The logic is actually fairly simple. Y_hat represents the predicted score for X_i, the current index/value being considered. If y_hat is correctly classified, multiplying it by y_i should yield True, equal to 1 in Python. The other part of the equation checks to see if this product is less than 1 (using 1s and -1s instead of 1s and 0s for our y values makes this possible). If it is, this expression will evaluate to True, which is equal to 1 in Python.
Only one of these expressions is true at any given time. When False, these evaluate to zero.
If the first expression is True, aka when it is equivalent to 1, it preserves the current weight vector, while the second expression, equal to zero, nullifies its coefficient.

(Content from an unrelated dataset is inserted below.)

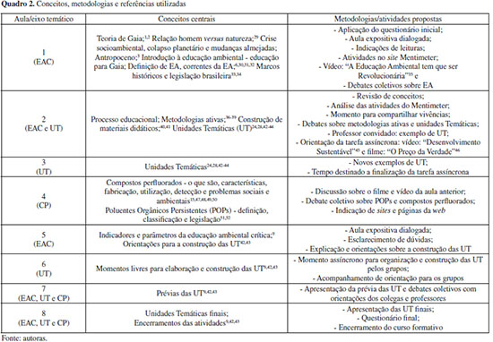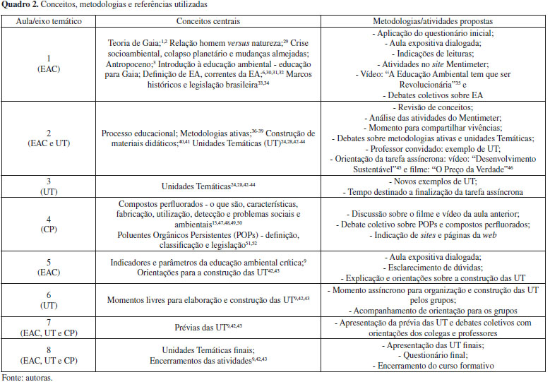 PERCURSO METODOLÓGICO O curso de extensão contou com 24 participantes, sendo estes professores em formação inicial e continuada, das áreas de Ciências, Química e Biologia da Universidade Federal do Rio Grande do Sul (UFRGS) e de escolas públicas estaduais da EB. A formação foi realizada com encontros semanais, em atividades assíncronas e síncronas, por intermédio da plataforma virtual de ensino da universidade, totalizando 40 horas. Assim, foram realizados 8 encontros síncronos, por meio da referida plataforma virtual, com duração de 2 horas cada encontro, totalizando 16 horas. As demais horas foram referentes às reuniões de acompanhamento com os grupos, para orientações sobre a elaboração dos trabalhos (8 horas) e tempo livre para organização interna dos grupos e construção das UT (16 horas). Nos períodos síncronos, foram desenvolvidas diversas atividades e debates relacionados aos três principais eixos formativos definidos para o curso: Educação Ambiental Crítica (EAC), Unidades Temáticas (UT) e Compostos Perfluorados (CP), conforme ilustrado no Quadro 2.

When the second expression is True and therefore equal to 1, it is multiplied by the sum of w_i (the current weight vector) and the product of the feature matrix (X) at index i, and the classification matrix (y) at index i. This sounds complicated, but really this line of code is just either keeping the old weight vector if it classified point i correctly, or adding or subtracting the value it incorrectly classified to ensure that it classifies it correctly in the next iteration.
This logic is the same in the update method. The only difference is that update accepts a weight vector as a parameter, running only a single step of the Perceptron algorithm rather than to completion.
If the data are linearly separable, then the perceptron algorithm will converge.
Let’s vizualise the process of improvement by showing the progression of the Perceptron algorithm over time.
These three plots only show instances where the weight vector updates (that is to say, when the algorithm misclassifies a point and updates the weight vector to reflect this). This ensures that we actually see how the Perceptron algorithm corrects itself over time. Otherwise, we might just see three cases where it correctly classifies a point and nothing changes. BORING!!!
We can see that the algorithm still updates and tries to correct itself, but is unable to achieve 100% accuracy. Including more subplots helps to show that this process of guessing but never achieving convergence will continue infinitely.
It works! It makes sense that it wouldn’t achieve convergence on a completely random set of points and classifications.
It is worth asking, though, is it theoretically possible to have a linearly separable set of points in 5 (or more) dimensions?
It is pretty straightforward to see that this is possible in 3 dimensions - imagine a flat plane separating 2 clouds of points in 3 dimensions.
In 5 dimensions, all that this means is that the weight vector multiplied by the feature matrix correctly classifies each point – either one or zero. One does not need to imagine what a 5D physical space might look like to see that this is certainly achievable.
Perceptron Runtime
Finally, let’s consider the question of how long it takes for the update step to run.
What is actually happening? Just multiplication and some logical comparisons, really – we check to see if mathematically the product of our weight vector and the feature matrix evaluates to what we would expect it to be, and if not, we perform some simple matrix multiplication and addition to get our new weight vector. This is dependent on the number of features (p), but not on the number of points (n). Therefore, this operation takes O(p) time. It does not matter how many points there are, because we are only focusing on a single data point at a time, and updating only relative to that point. So the only variable impacting the time complexity of this operation is p – the number of features.